Accurate Early Detection and EGFR Mutation Status Prediction of Lung Cancer Using Plasma cfDNA Coverage Patterns: A Proof-of-Concept Study

Abstract

Lung cancer is a major global health concern with a low survival rate, often due to late-stage diagnosis. Liquid biopsy offers a non-invasive approach to cancer detection and monitoring, utilizing various features of circulating cell-free DNA (cfDNA). In this study, we established two models based on cfDNA coverage patterns at the transcription start sites (TSSs) from 6X whole-genome sequencing: an Early Cancer Screening Model and an EGFR mutation status prediction model. The Early Cancer Screening Model showed encouraging prediction ability, especially for early-stage lung cancer. The EGFR mutation status prediction model exhibited high accuracy in distinguishing between EGFR-positive and wild-type cases. Additionally, cfDNA coverage patterns at TSSs also reflect gene expression patterns at the pathway level in lung cancer patients. These findings demonstrate the potential applications of cfDNA coverage patterns at TSSs in early cancer screening and in cancer subtyping.
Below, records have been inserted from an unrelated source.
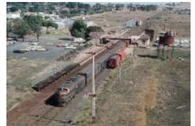
Sunbury Station (4 of 4) taken from top of grain silo, 1976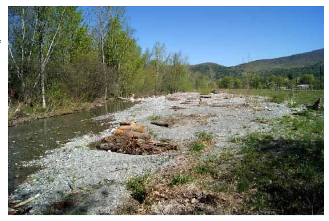
A berm along the right bank of Gully Brook (far left of photo) was removed prior to the storm providing the river additional flood storage capacity. The white rocks in this photo were deposited in the restored floodplain during Irene.

Examples like these inspired other communities not to rebuild berms destroyed following Irene. In Forestdale a berm washed out. The Neshobe River flooded basements, carved two-foot deep ditches along the road, and scoured farm fields. Rather than trying to recreate the berm, 14 acres of farmland were placed in river corridor easement, increasing the opportunities for the Neshobe to store water during subsequent floods. Freeman Brook in Mt. Holly wiped out portions of a berm along Freeman Brook Road. The town has opted not to rebuild so this stream will also have access to additional floodplain storage during future storms.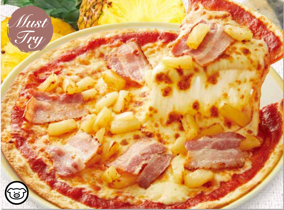
PINEAPPLE & BACON 黄梨培根披萨 Bacon and Pineapple with Mixed Cheese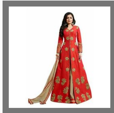
Ladies Floor Length Designer Suit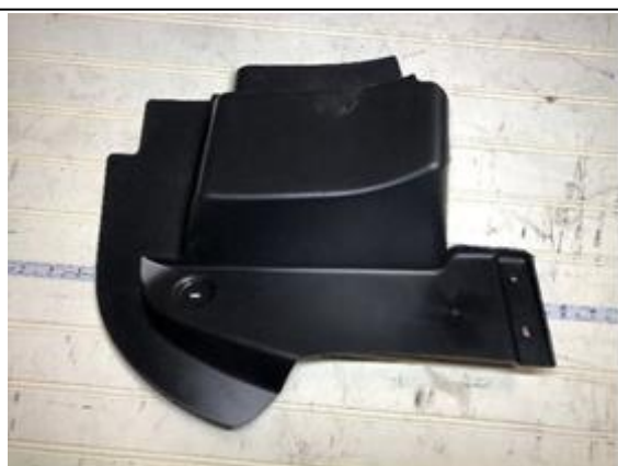
Figure 6 - Right Side After Trimming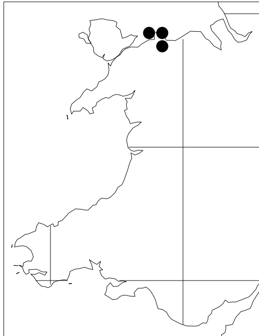
Figure 4. Distribution map of Hieracium britannicoides .

At least 61 plants occurred in scrappy CG3 Bromus grassland on the rocky edges at the top of the quarry cliff, with some plants on the quarry faces. No plants were found on adjacent rocks at Ty Mawr (SH8877) or above Isallt (SH8976).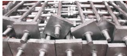
All Type of Bolt & Nuts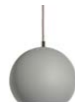
Matt light grey. Art.no. 100208 Grey fabric cord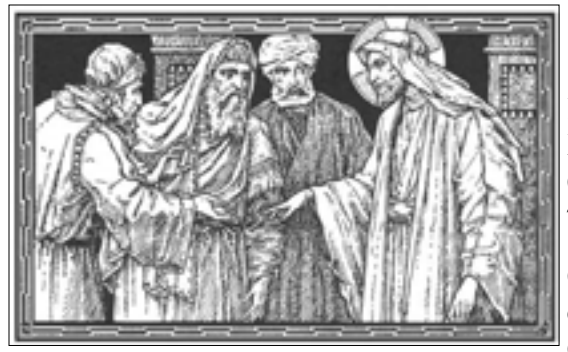
"Render therefore to Caesar the things that are Caesar's; and to God the things that are God's."

Keywords: EGFR mutation status prediction; cfDNA; coverage patterns at the transcription start sites; early cancer screening; machine learning.

Figure 1

The cfDNA transcription start site (TSS) obtained through non-invasive testing can be subjected to Whole Genome Sequencing (WGS) to achieve Early Cancer Screening and the EGFR mutation status prediction for lung cancer. This study involved 196 participants, including 96 lung cancer patients and 100 healthy controls, for model building. Models were based on random forest (RF) model with 10-fold 3 times cross-validation (CV) to avoid overfitting. In addition, 142 participants were included in an external independent test cohort for further model validation. To build the Early Cancer Screening Model, the 196 samples were randomly assigned to the training cohort (n = 138) and the Validation Dataset (n = 58). The external independent test cohort was used to test the generalization ability of the model. Additionally, the feasibility of using cfDNA TSS coverage for predicting EGFR mutations was explored using a subset of patients with clinical information on EGFR. To build the EGFR mutation status prediction model, the 65 samples were randomly assigned to the training cohort (n = 47) and the Validation Dataset (n = 18).

Figure 2

TSS coverage was distinct between cancer and non-cancer samples. (A) Principal Component Analysis (PCA) demonstrated clear group separation between lung cancer and healthy individuals based on TSS coverage values. (B) A volcano plot of differentially expressed genes between lung cancer and healthy individuals, derived from TCGA RNA-seq data, highlighted 1241 genes identified using TSS values, indicating their potential role in lung cancer development. (C) Gene enrichment analysis identified the top 25 pathways associated with differentially expressed TSSs between cancer and non-cancer samples, including pathways specifically related to lung cancer (e.g., “Non-small cell lung cancer” and “ErbB signaling pathway”) and other pathways related to cancer development. (D) Differences in TSS between healthy individuals and lung cancer patients were observed among the filtered 200 features selected for dimensionality reduction in the model, suggesting their potential utility in constructing a lung cancer screening model.

Figure 3

Performances of the robust Early Cancer Screening Model. (A) Receiver Operating Characteristic (ROC) curve demonstrating high performance of the Early Cancer Screening Model in the training and validation sets. (B) Area Under Curve (AUC) values for early-stage (stage I/II) and advanced-stage (stage III/IV) differentiation in the training set. (C) AUC values for early-stage and advanced-stage differentiation in the validation set. (D) Model performance in the external independent test cohort showing good generalization ability with an AUC of 0.891.

Figure 4

TSS coverage can differentiate patients with and without EGFR mutations. (A) 26 pathways related to EGFR from the KEGG database were selected. For each of the 65 patients with EGFR mutation detection, the average normalized TSS coverage of genes involved in these 26 pathways was calculated. Boxplots of path scores based on the normalized TSS coverage mean in these 26 pathways were plotted for patients with and without EGFR mutations, with differences between groups indicated by p-values (*** represents p < 0.001, ** represents p < 0.01, * represents p < 0.05, ns represents not significant). (B) Out of the total 619 KEGG pathways analyzed, 146 (23.6%) demonstrated variances in path scores, with a striking 57.7% (15/26) of EGFR-related pathways showing significant intergroup differences (p < 0.01). (C) Among the non-EGFR mutation pathways, only 29 out of 143 (20.3%) displayed significant differences (p < 0.01). (D) The TSS coverage of all transcripts corresponding to genes in the 26 pathways was calculated, and the TSS with differential expression between groups was selected for heatmap analysis, demonstrating significant differences between patients with and without EGFR mutations. (E) An EGFR mutation status prediction model was built and showed good performance in both the training and validation cohorts.